FMRB-PP aksi di depan Kantor Bawaslu Bandarlampung/ RMOLLampung
FMRB-PP aksi di depan Kantor Bawaslu Bandarlampung/ RMOLLampung

Forum Mahasiswa Rakyat Bersatu Peduli Pilkada Jujur dan Adil (FMRB-PPJ), melakukan aksi di depan Kantor Bawaslu Bandarlampung Jl Way Besai, Enggal, Selasa (27/10).
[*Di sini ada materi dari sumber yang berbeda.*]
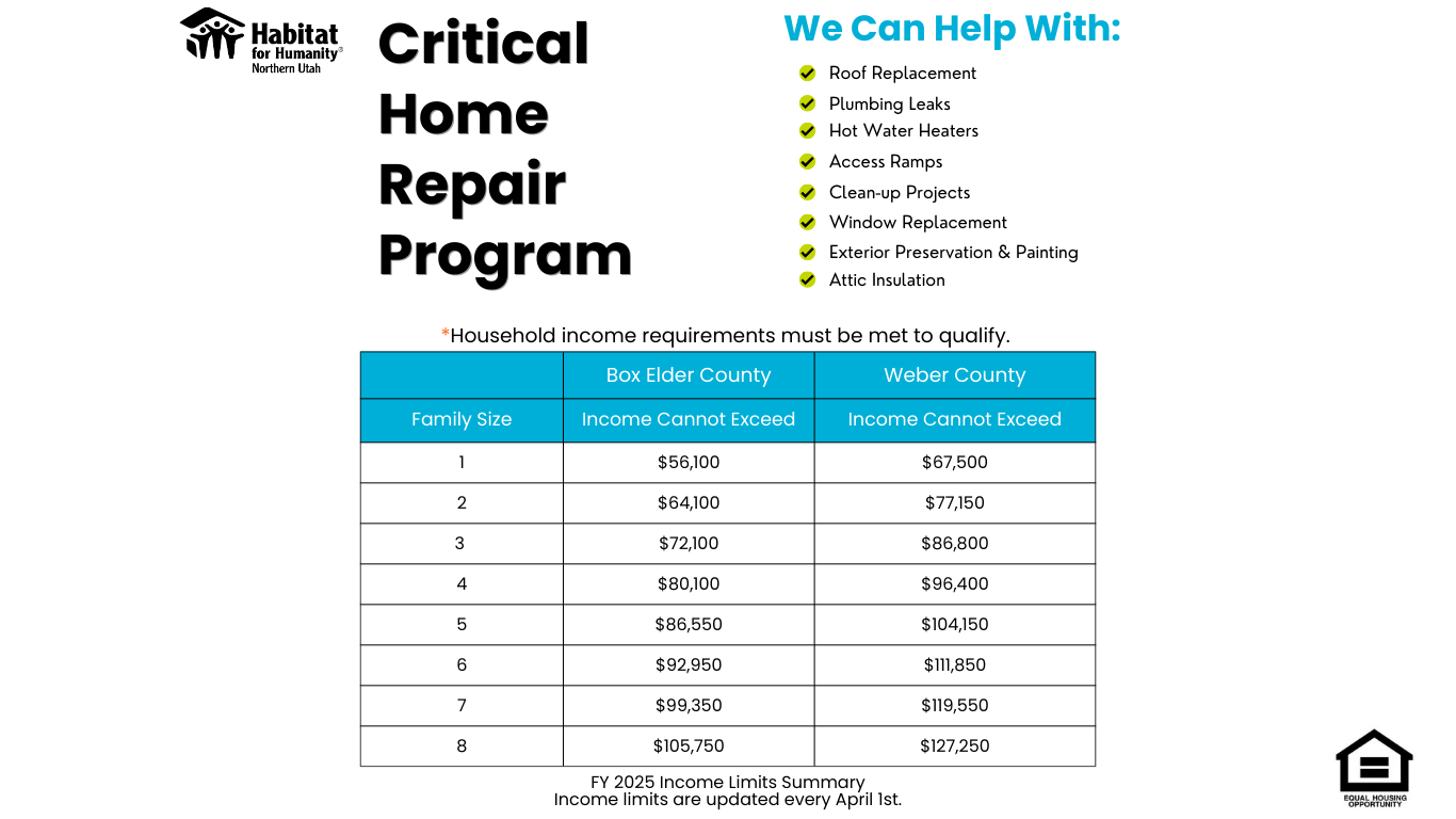 Homes must have a permanent foundation to be eligible for repair services. Due to program policy, Habitat for Humanity of Northern Utah cannot provide repairs for mobile homes or homes without a permanent foundation.
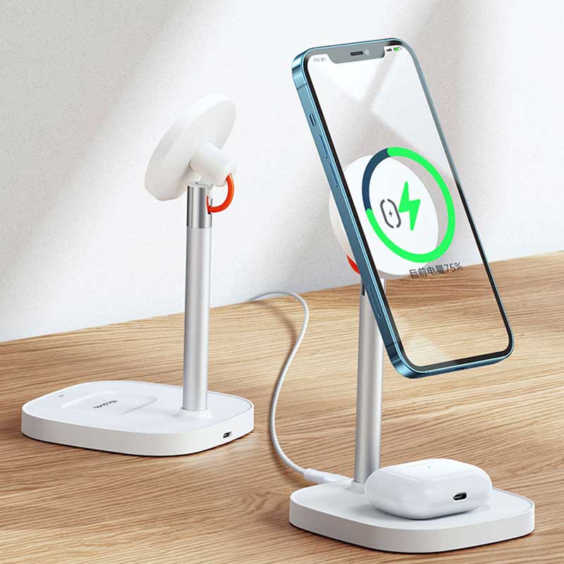نشانگر LED طراحی ساده و شبک شارژر وایرلس رومیزی گوشی های سری آیفون ۱۲ و ۱۳ شارژ همزمان گوشی آیفون و هندزفری ایرپاد

Mereka menuntut Bawaslu mengusut tuntas peristiwa Pasar Wayhalim yang diduga ada praktik politik uang, dan menangkap pelakunya.

"Bawaslu jangan tidak netral, karena akan memicu kemarahan warga Bandarlampung," kata Arpan ABP, Koordinator aksi.

Arpan mengatakan, kasus dugaan politik uang yang terjadi di Pasar Wayhalim terjadi ketika kampanye calon wakil wali kota Bandarlampung nomor urut, 1 Johan Sulaiman.

"Tim kampanye Johan memberikan uang pada calon pemilih, itu kejadian nyata karena si penerima uang kemudian mengakui menerima uang dan kejadian itu ada rekaman video dan foto yang direkam anggota Panwascam," kata dia.

Namun, Arpan melanjutkan, kasus tersebut tidak jelas kelanjutan, bahkan tidak diteruskan ke Sentra Penegakan Hukum Terpadu (Gakkumdu).

Sementara itu, Ketua Bawaslu Bandarlampung Candrawansah membenarkan pihaknya sudah pernah melakukan investigasi terhadap temuan tersebut.

Ketua Bawaslu Bandarlampung Candrawansah menemui pendemo/RMOLLampung

"Setelah kita investigasi siapa pemberinya, tidak ada masyarakat yang memberikan informasi yang jelas atas dugaan pelanggaran tersebut, sehingga kita tidak bisa melanjutkannya," kata dia usai menemui demonstran.

Ia melanjutkan, jika ada yang memberikan laporan atau bukti baru, pihaknya akan langsung melakukan penanganan.

"Informasi yang kami dapatkan hari ini akan ada yang melaporkan, kita tunggu saja," pungkasnya.